Помолчала. Потом решила, видимо, все же удостоить объяснением.
— Даже если допустить, что это правда, кому нужны сегодня эти истории времен «холодной войны»? Ну давай, давай поверим ей на слово на минуту. Допустим, действительно мужа этой англичанки — как, бишь, зовут ее? По-итальянски как-то… Джульетта, что ли?
— Нет, Джулиет. Английский вариант того же самого. Но, судя по подписи, в жизни ее зовут просто Джули…
— Пусть будет Джули. Пускай это правда — хотя я, например, уверена, что вранье. Пусть ее мужа-фотографа на самом деле похитил КГБ. Ну и что? Что с того-то? Кому это интересно? Мало ли что все эти разведки творили в то время. Куда как покруче дела! И убийства президентов, и массовая дезинформация, и подкуп, и государственные перевороты… Вербовка членов правительств. Подкуп газет… Почитай, что делалось! И КГБ, и ЦРУ, и «Моссад»… Страшные тайны, гигантские суммы, погоня за военными секретами, за оружейными новинками… И зачем им вдруг сдался какой-то фотограф в глухой английской провинции, а? На фиг он вообще им понадобился? С какого такого перепугу?

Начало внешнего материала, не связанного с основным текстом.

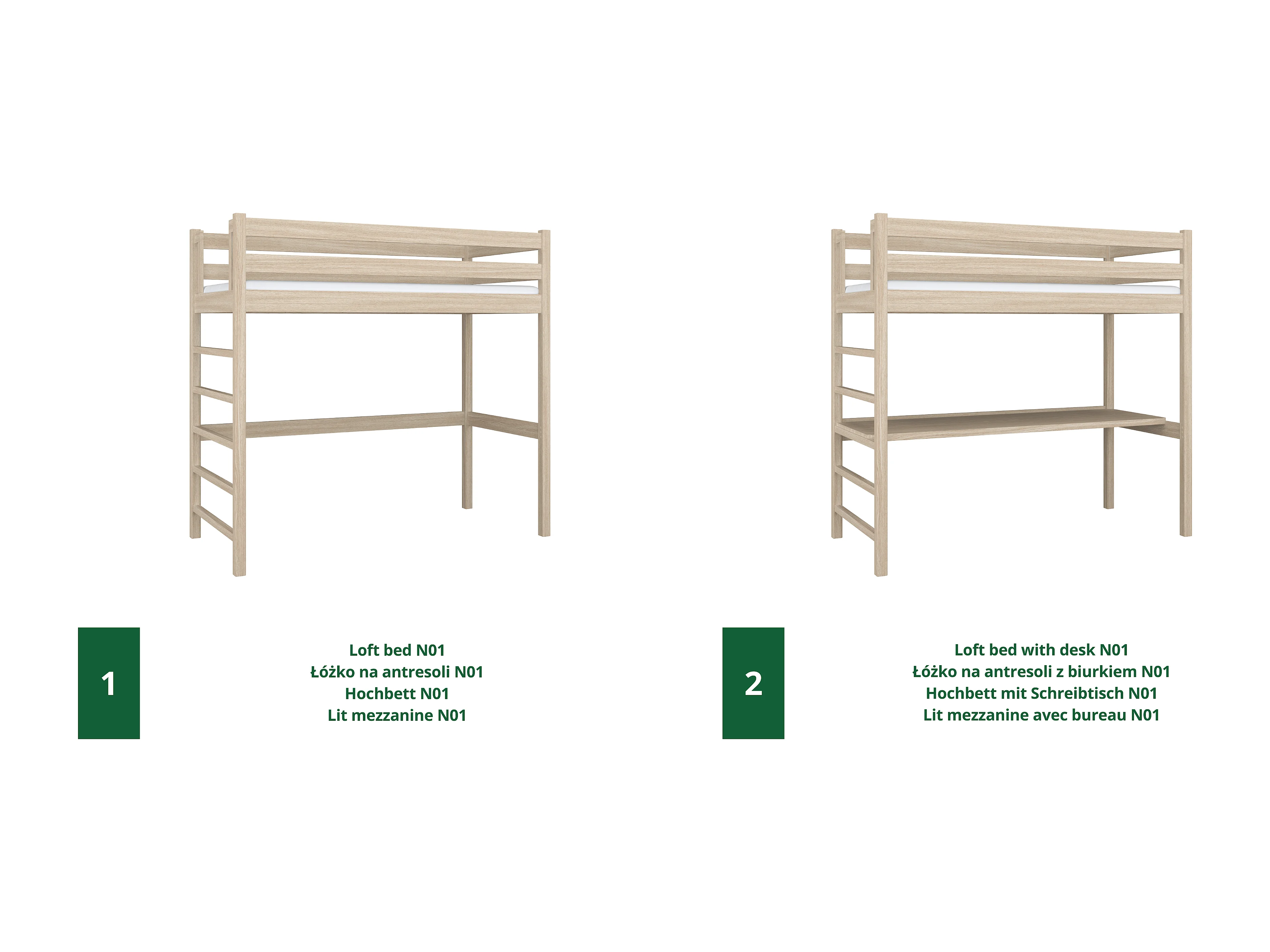 HOCHBETT N01 mit Schreibtisch Sonoma Eiche 120x180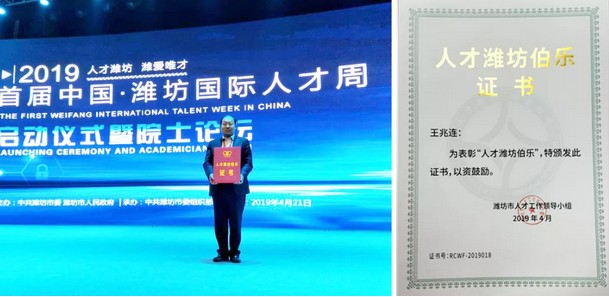活動期間,惠新安書記和省委組織部劉樹軍副部長為獲獎企業(yè)家頒發(fā)了首屆中國?濰坊國際人才創(chuàng)業(yè)大賽和人才伯樂獎。王兆連董事長喜獲“人才濰坊伯樂”獎。

— Нет, но ты, наверно, не поняла! Эта женщина, Джули, еще на что-то намекает, на некую тайну…
— Да какую еще, на фиг, тайну! Провинциальная курица, вот и все. Нашел себе ейный мужик новую бабу помоложе да покраше и сделал ноги! А ей, бедняжке, КГБ померещился. Похищение, видите ли, киднеппинг среди бела дня… Она ведь сама никакого похищения не видела?
— Не видела…
— Ну, вот видишь! Какой-то там тетушке, подслеповатой, что-то такое привиделось, какие-то мужики вроде бы затолкали в машину человека, издалека похожего на этого… как его звали-то?
— Карл, — подсказал Данилин.
— Во-во, Карл. Имя-то какое-то не английское.
— Джули пишет, он был австрийцем по происхождению…
— Да хоть швейцарцем! И что? Из-за этого мы сейчас все силы на журналистское расследование бросим? Расследование чего, собственно?
— Ну, если ты действительно все в письме поняла, Оля, то там есть кое-какие оригинальные моменты и странности, которые заставляют предположить…
— Да нечего там понимать. И предполагать нечего. Мой тебе совет: не позорься ты в глазах коллектива, а то весь рейтинг на этой дурацкой истории растеряешь.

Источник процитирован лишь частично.